Spatial Analysis and Statistical Modeling with R and spmodel
On this page:
Statistical models often assume that the data are independent. Incorrectly assuming data independence can harm models, resulting in incorrect slope estimates, misleading p-values, and poor predictions. The independence assumption is often inappropriate for spatial data, as spatial observations close together tend to be more similar than spatial observations far apart (Tobler’s Law). Statistical models for spatial data that incorporate spatial dependence tend to notably outperform similar models that rely on independence. Unfortunately, building spatial dependence directly into statistical models is challenging, both from theoretical and computational perspectives, limiting the use of these models in ecological settings. However, recent advances in R software, which we will discuss throughout the workshop, make acquiring spatial data and building spatial models much more accessible.In this workshop, we will first focus on R tools for accessing and handling the spatial data required to build models, highlighting R data libraries like EPA’s StreamCatTools, FedData, prism, and other data web services. Then we will focus on using these data to build spatial statistical models using the R package spmodel (https://usepa.github.io/spmodel/).

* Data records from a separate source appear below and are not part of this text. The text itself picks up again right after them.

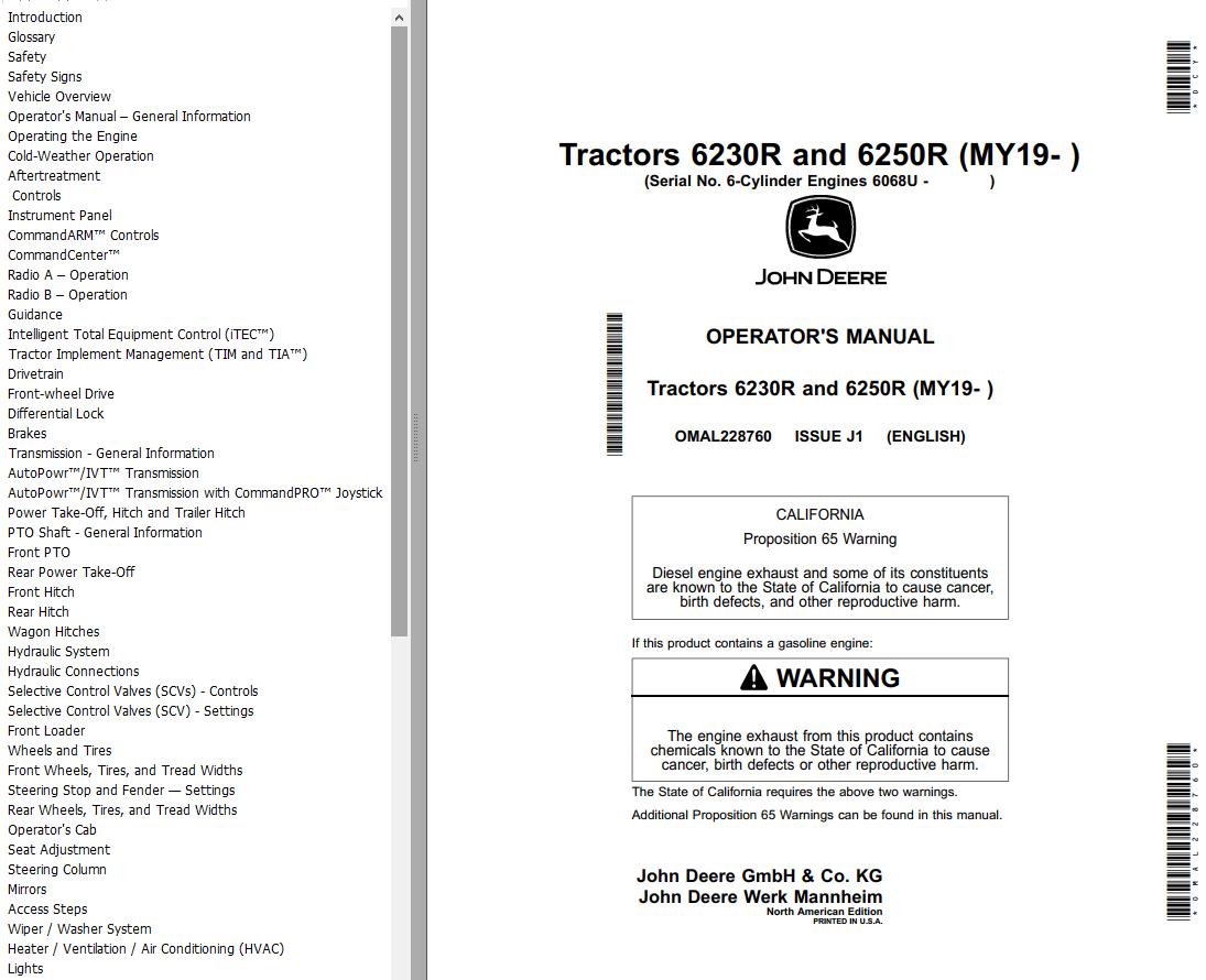 John Deere 6230R 6250R Operators Manual OMAL228760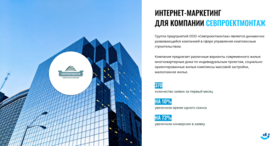 Создаём лидеров отраслей при помощи передовых технологий интернет-маркетинга. Обеспечим высокую конверсию, трафик и первые позиции в поисковых системах «Яндекс» и Google.
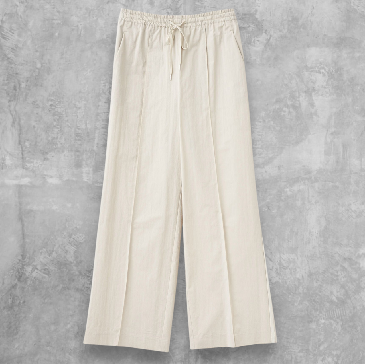 ウエストゴム仕様のため、ストレスフリーな履き心地を追求しました。デイリーユースにも特別なお出かけにも使える万能アイテムです!デニムやスニーカーと組み合わせることで、トレンド感のあるスタイルが楽しめます。日常使いからアクティブなシーンまで幅広く対応できる一着です。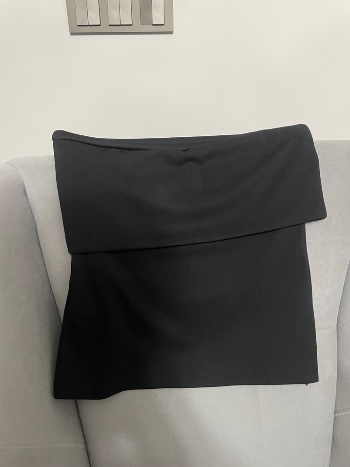 Siyah straplez yaka yandan fermuarlı krep örme bluz

With spmodel, ecologists can seamlessly incorporate spatial dependence into their statistical models. spmodel implements user-friendly syntax that builds from the lm() and glm() functions familiar to base-R users, which significantly eases the transition from fitting independence models to fitting spatial models. We will practice using spmodel to fit these spatial statistical models, interpret the model fit and inspect model diagnostics, perform model selection, and make predictions at unobserved locations. We also discuss some advanced spmodel tools and extensions to modeling binary, count, and skewed data, implementing random forests, and incorporating dependence via non-Euclidean distance measures like neighborhood distance or stream distance.